Work task:
Output exactly, in the material below, the lines from the one with "広報委員会の新聞では、「始業式」「給食感謝集会」「CRT」が3大トピック!" through the one with "かなりの雨量で、ズボンやスカートもびっしょり。". Omit all pictures.

Task data:
──────────────────────────────

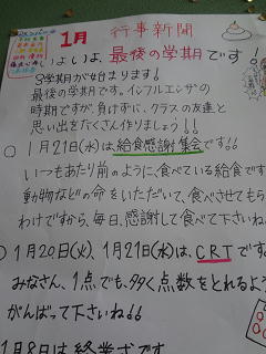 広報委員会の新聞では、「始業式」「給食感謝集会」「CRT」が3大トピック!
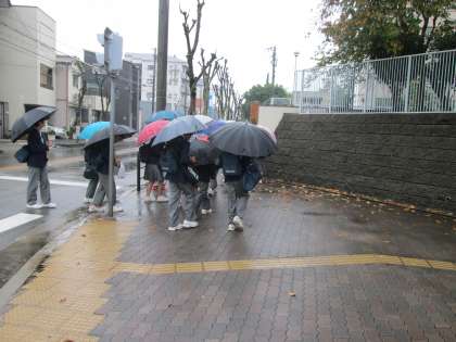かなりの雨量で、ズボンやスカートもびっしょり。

──────────────────────────────

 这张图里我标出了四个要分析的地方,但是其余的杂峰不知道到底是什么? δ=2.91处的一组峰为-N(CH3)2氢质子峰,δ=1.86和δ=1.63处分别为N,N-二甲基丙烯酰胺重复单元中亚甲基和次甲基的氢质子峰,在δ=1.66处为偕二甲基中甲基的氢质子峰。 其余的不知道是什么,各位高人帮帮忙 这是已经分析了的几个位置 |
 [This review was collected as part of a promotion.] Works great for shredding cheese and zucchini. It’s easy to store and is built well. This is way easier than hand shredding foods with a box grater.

──────────────────────────────

Solved exercise:
 広報委員会の新聞では、「始業式」「給食感謝集会」「CRT」が3大トピック!
かなりの雨量で、ズボンやスカートもびっしょり。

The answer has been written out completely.